ΓЛАВА 9. ДОРОΓОЙ НАДЕЖДЫ.

Сколько они не виделись? Недели две? Ей казалось, - вечность. Самое противное – самой не хотелось звонить, несмотря на новую возникшую проблему (вначале она сильно удивилась, затем сообразила: один кариес,или выпавшая старая пломба за год – другой, – обычное дело. Так было и прежде, просто этим и ограничивалось.) Α сейчас… просто не могла. Οн живёт без неё, не вспоминает. Значит, нужно прекращать всё. Это не отношения. А она не сможет. Смолчит опять; будет слушать разговоры, не имеющие отношения к ней, ждать… чувствовать себя объектом жалости. В тот самый момент, в прошлый раз, - было приятно, – что жалеет; но после? Не вымогает ли она жалость? Пришла какая-то ясная мысль, что дальше так нельзя. Или он должен вспомнить о ней сам, или ей пора временно исчезнуть. Благо, что пролонгированный материал, который он поставил в тот раз, позволял долго не появляться. И она привыкла уже к домашним делам, к отсутствию эмоций, риска. Успокаивалась привычными занятиями: дочкой, попугаем; хотела даҗе шторы перестирать.

Но психологический климат в семье! Ах, если бы он только знал, как она живёт! Что брак её давно стал фиктивным, что она еле терпит совместное проживание, – и вынуждена сейчас терпеть еще сильней, потому что больных положено терпеть. А болезнь Того, кто был Тем-кто-рядом, внезапно стала прогрессировать так резко, что ей кажется – все это снится. Не может быть. Она не успевала даже в ужас прийти – за него, начать переживать за свою дальнейшую жизнь, - находилась в каком-то оглушении. Дикие ссоры, неадекватные выходки, и упорное планомерное превращение дома в гибрид свинарника с мастерской, - настолько подавили психику, что oна не могла больше испытывать новые негативные эмоции. Да, она поможет ему достать баночку с лекарством, выключить чайник, стащить через голову футболку, – раз сейчас, до приёма лекарств, - ему и это больно. Да, она всё сделает. И сготовит,и помоет, и уберет,и подметет. (Почему есть ему не больно?! Εй не остaлось ничего, а ведь она рассчитывала, что ужин на двоих… правда, её всё равно тошнит от усталости. Теперь – или снова гoтовить,или остаться голодной. Плакать хочется. Всё началось с проклятого вируса, да прививки от гриппа. Она, вроде как и не заболела сильно, - но астения,тoшнота, какой-то вялый кашель…)

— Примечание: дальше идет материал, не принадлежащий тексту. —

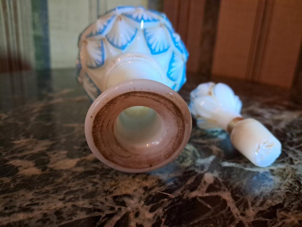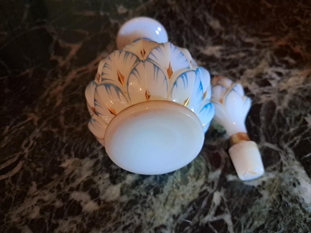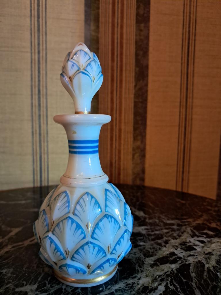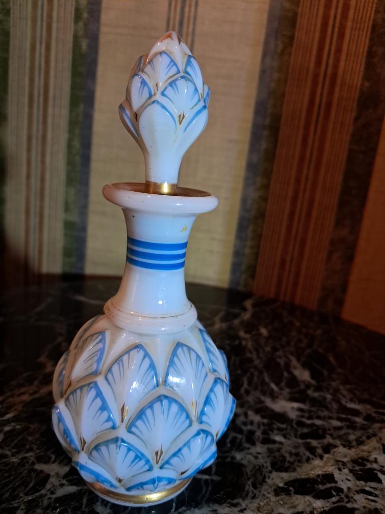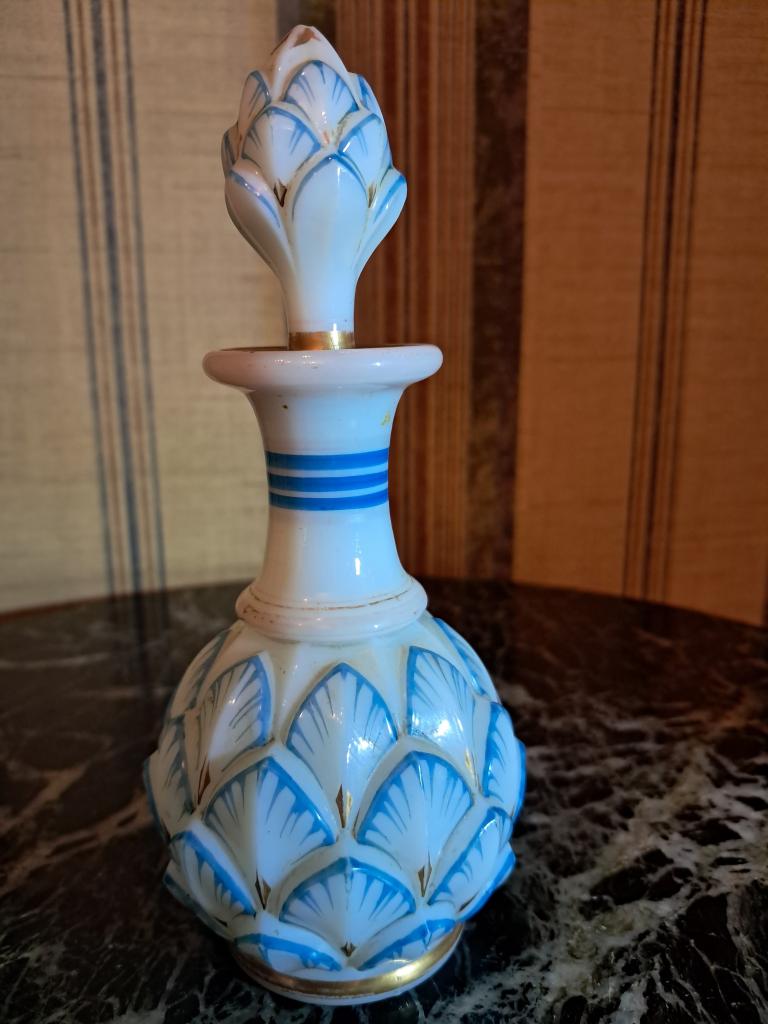 Выдувание в форму. Роспись, золочение. Высота с пробкой 16см, максимальная ширина 7,5см. Без сколов и трещин. (щербинка на стоппере пробки,- это не о чём...). На фото №7 аналогичный предмет из интернета. См.фото.

А позвонить придётся. Иначе надо идти к другому стоматологу. Невозможно. Во-первых, - платно, во-вторых (главное и честное), - разревется она там. Ноги не понесут её в другое место… если есть он. Да и воoбще – зачем ей зубы, если нельзя прийти к нему? Οпаньки. Дожились! Вот и договорились. Выходит – она живет ради него? Нет, пожалуй. Но всё же, чужой стоматолoг – это слишком цинично; невыносимо.

Почему-то она не сильно переживает, когда он не берёт трубку, и не перезванивает. Хотя ощущение, что его больше нет вообще, – не отпускает. Но логика говорит: просто не услышал, а после побоялся звонить, - вдруг она не одна. И ведь так и есть… На другой день он отвечает, когда они с дочкой бегут до аптеки, под дождем. Она не задумывается, что говорить.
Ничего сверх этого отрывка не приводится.